Records contained in a dataset
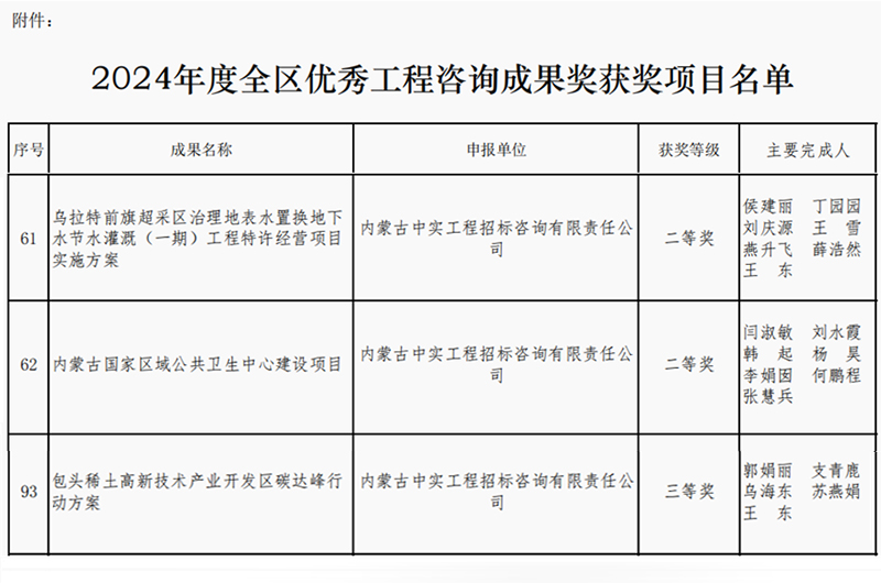 2025-04-169712 次2025年4月16日,内蒙古工程咨询协会公布了2024年度优秀咨询成果奖获奖单位名单,我司取得两个二等奖和一个三等奖,我司专业能力和服务质量再次获得行业的认可。此次获奖,不仅体…
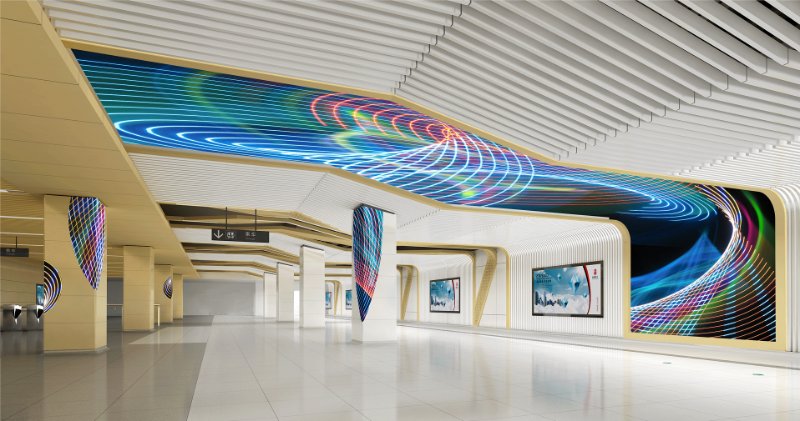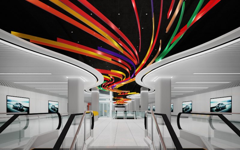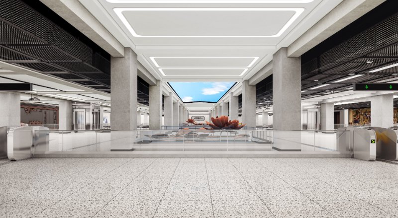 本站公共艺术品以“像素济南”为主题,将济南的经典风景齐烟九点和鹊华秋色的经典山水画作为灵感的出发点,融入泉水和黄河元素,利用人工智能算法实时生成图像,并通过从墙面到天花贯通的LED展示带,以新颖的方式赋予这些内容科技感、未来感,比如利用其特点巧妙展现泉水流淌形成瀑布的效果,还有黄河川流不息的意象,以此体现出济南的城市特色,充分展现泉城未来的艺术与科技融合发展的无限可能。
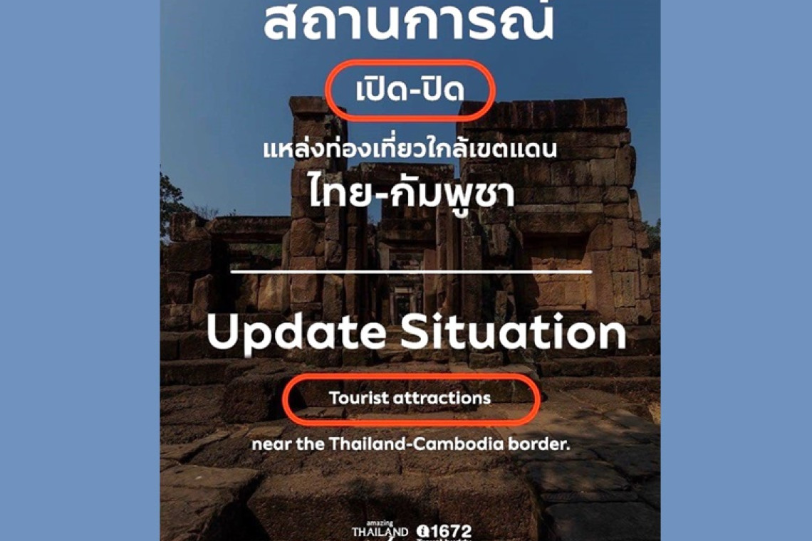 โดย การท่องเที่ยวแห่งประเทศไทย (ททท.) ได้อัพเดตข้อมูลวันที่ 24 กรกฎาคม 2568 หลังเกิดเหตุปะทะสร้างความไม่สงบตามแนวชายแดนไทย-กัมพูชา ซึ่งไทยมีพื้นที่เขตติดต่อกับกัมพูชา และมีแหล่งท่องเที่ยวรวมอยู่ด้วย ใน 7 จังหวัด ด้วยการแนะนำนักเดินทางเพื่อความปลอดภัย ไม่ควรเข้าไปในระหว่างนี้ 25 พื้นที่
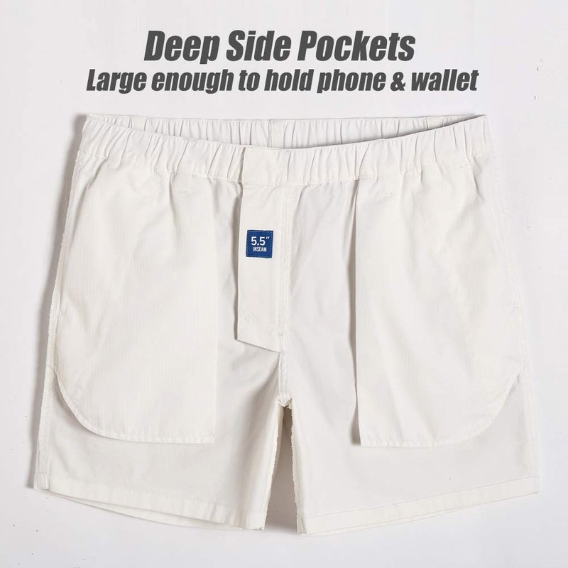 maamgic Men's Classic-fit 5.5" Cotton Casual Shorts Elastic Waistband with Multi-Pocket Daily Wear Walking Summer Outfit White 33
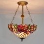 Blivuself Tiffany Style Stained Glass 16 Inch Red Upward Chandelier European And American Retro Casual Style Suitable For Living Room, Dining Room, Bedroom, Bar And Other Indoor Home Decoration 16 Inch Clematis - Regular Anti-Chandelier OFP1102
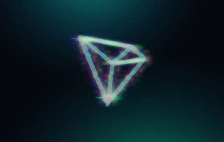 glitch effect tron cryptocurrency coin on colorful background, cryptocurrency concept color art

Work request
The copy you return must match the records above exactly, minus any images.

Exercise output
 2025-04-169712 次2025年4月16日,内蒙古工程咨询协会公布了2024年度优秀咨询成果奖获奖单位名单,我司取得两个二等奖和一个三等奖,我司专业能力和服务质量再次获得行业的认可。此次获奖,不仅体…
 本站公共艺术品以“像素济南”为主题,将济南的经典风景齐烟九点和鹊华秋色的经典山水画作为灵感的出发点,融入泉水和黄河元素,利用人工智能算法实时生成图像,并通过从墙面到天花贯通的LED展示带,以新颖的方式赋予这些内容科技感、未来感,比如利用其特点巧妙展现泉水流淌形成瀑布的效果,还有黄河川流不息的意象,以此体现出济南的城市特色,充分展现泉城未来的艺术与科技融合发展的无限可能。
 โดย การท่องเที่ยวแห่งประเทศไทย (ททท.) ได้อัพเดตข้อมูลวันที่ 24 กรกฎาคม 2568 หลังเกิดเหตุปะทะสร้างความไม่สงบตามแนวชายแดนไทย-กัมพูชา ซึ่งไทยมีพื้นที่เขตติดต่อกับกัมพูชา และมีแหล่งท่องเที่ยวรวมอยู่ด้วย ใน 7 จังหวัด ด้วยการแนะนำนักเดินทางเพื่อความปลอดภัย ไม่ควรเข้าไปในระหว่างนี้ 25 พื้นที่
 maamgic Men's Classic-fit 5.5" Cotton Casual Shorts Elastic Waistband with Multi-Pocket Daily Wear Walking Summer Outfit White 33
 Blivuself Tiffany Style Stained Glass 16 Inch Red Upward Chandelier European And American Retro Casual Style Suitable For Living Room, Dining Room, Bedroom, Bar And Other Indoor Home Decoration 16 Inch Clematis - Regular Anti-Chandelier OFP1102
 glitch effect tron cryptocurrency coin on colorful background, cryptocurrency concept color art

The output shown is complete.